On admire au surplus que, dans des conditions si précaires, son activité ait pu s'organiser avec autant de soin et son travail s'accomplir avec une aussi parfaite régularité que s'il eût agi au grand jour et en toute tranquillité.

Comme il prêchait de nuit « dans les déserts, souvent trois ou quatre fois par semaine », c'est pendant la matinée qu'il s'accordait quelques heures de sommeil. Mais, dès le début de l'après-midi, il reprenait sa plume, cette plume féconde à laquelle ses nouvelles activités ne le firent jamais renoncer.

Mais ce n'était plus dans la paix studieuse de son cabinet de travail que sa main couvrait rapidement le papier de son écriture ronde et menue: en plein ,air, dans les garrigues ou dans le fragile abri d'une « capitèle » ou dans un réduit cache de quelque maison amie, dans un grenier, dans une cave, au fond d'une grotte, partout, sa table à écrire le suivait... car ce n'était qu' « un petit ais », une planche légère qu'il posait sur ses genoux et que ses amis appelaient « la table du Désert ».

C'est là qu'il composait ses sermons, rédigeait et recopiait des exhortations ou des prières pour l'édification des fidèles. C'est la que furent écrites ses plus fameuses lettres : la lettre à Schomberg, plusieurs lettres à Bâville, dont une seule est parvenue jusqu'à nous, et bien d'autres encore.

Puis, le soir venu, on pouvait voir sortir de quelque village languedocien ou de la ville de Nîmes, un personnage généralement vêtu de gris et portant perruque, comme les gens de qualité, qui se dirigeait, sans hâte apparente, vers les garrigues, les bois de chênes-kermès, les pinèdes écartées. Sur son chemin, de petits groupes de « promeneurs » sortaient de l'ombre pour le saluer et, lorsqu'il atteignait le lieu de rendez-vous clandestin, toute une foule silencieuse était là, qui l'attendait.

Alors, commençait le culte défendu.

Dans les assemblées ordinaires, « Brousson parlait avec véhémence durant trois heures et dans les assemblées de communion durant quatre heures, soit pour les prières, soit pour le chant des psaumes qu'il était obligé souvent de conduire et de soutenir ».

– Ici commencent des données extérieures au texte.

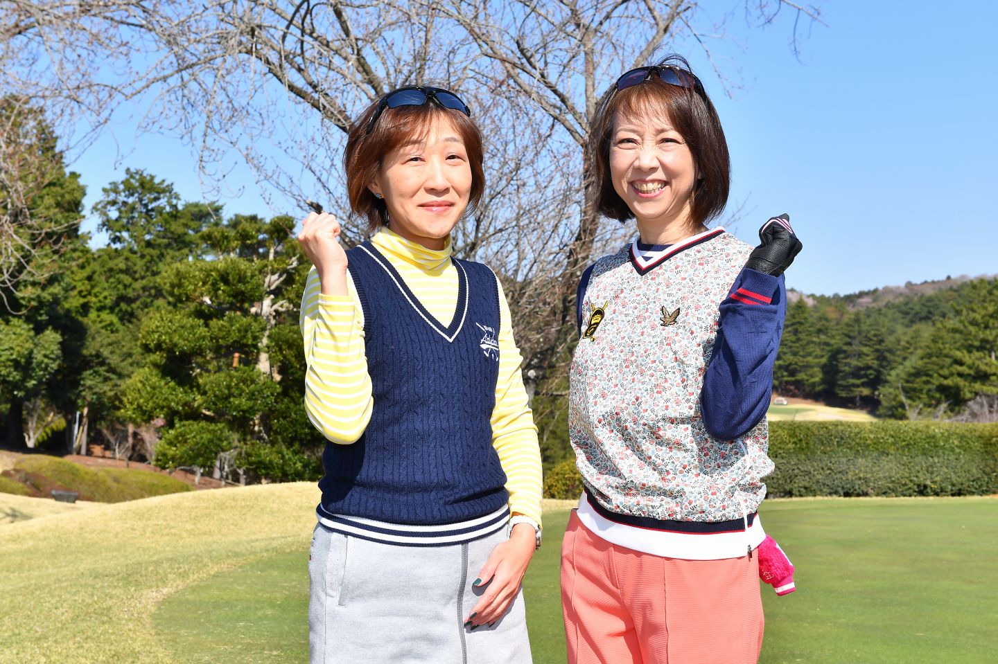 一方、フレンドリー部門ではコースの美しい景観を満喫しながら、プレーを楽しんでいるゴルファーが数多くいました。なかでも目立っていたのが女性ペアです。ヒルズゴルフ アカデミーの生徒さんで、日々ゴルフの練習に励んでいるというのが、日本アルコン株式会社の井上知子さん、堀井則子さんのペアです。「今日は今までの練習の成果が出るか宍戸ヒルズカントリークラブで腕試しをするつもりで来ました(笑)。とはいえ、実はきちんとした競技に出場するのもダブルスも初めてなので緊張しています。目標は自己ベストを出すことですが、今回の出場経験が次に繋がればうれしいですね」と語ってくれました。

En cette année 1690, Brousson prêcha le 25 décembre à Nîmes, dans les bois de Vaqueirolles... C'était, sans doute, une de ces douces nuits de Noël de notre midi, nuit limpide où les pierres de la garrigue brillaient au clair de lune comme des blocs d'argent, où les hauts cyprès, les taillis de chênes rabougris, les ramures dépouillées des amandiers sauvages frémissaient à peine au faible souffle du vent.

Des touffes sèches de thym, foulées par les pas des fidèles, montait l'âpre parfum du Désert; la lanterne qu'on tenait suspendue au-dessus de la Bible pour que le pasteur put lire, scintillait devant la foule, comme si l'étoile de Noël était descendue du ciel pour éclairer les pages sacrées et la voix de Claude Brousson qui s'élevait dans le silence nocturne redisait l'éternel, l'émouvant récit que nous entendons aujourd'hui dans nos temples... « En ce temps-là, parut un édit de César Auguste... »

C'est dans cette période de son ministère que Brousson envoya les deux lettres célèbres dont nous avons parle plus haut: la lettre a Schomberg qui avait trait au projet insurrectionnel des Cévennes et la lettre a Bâville où le pasteur tentait d'expliquer à l'intendant le point de vue huguenot et de justifier l'attitude de ses coreligionnaires.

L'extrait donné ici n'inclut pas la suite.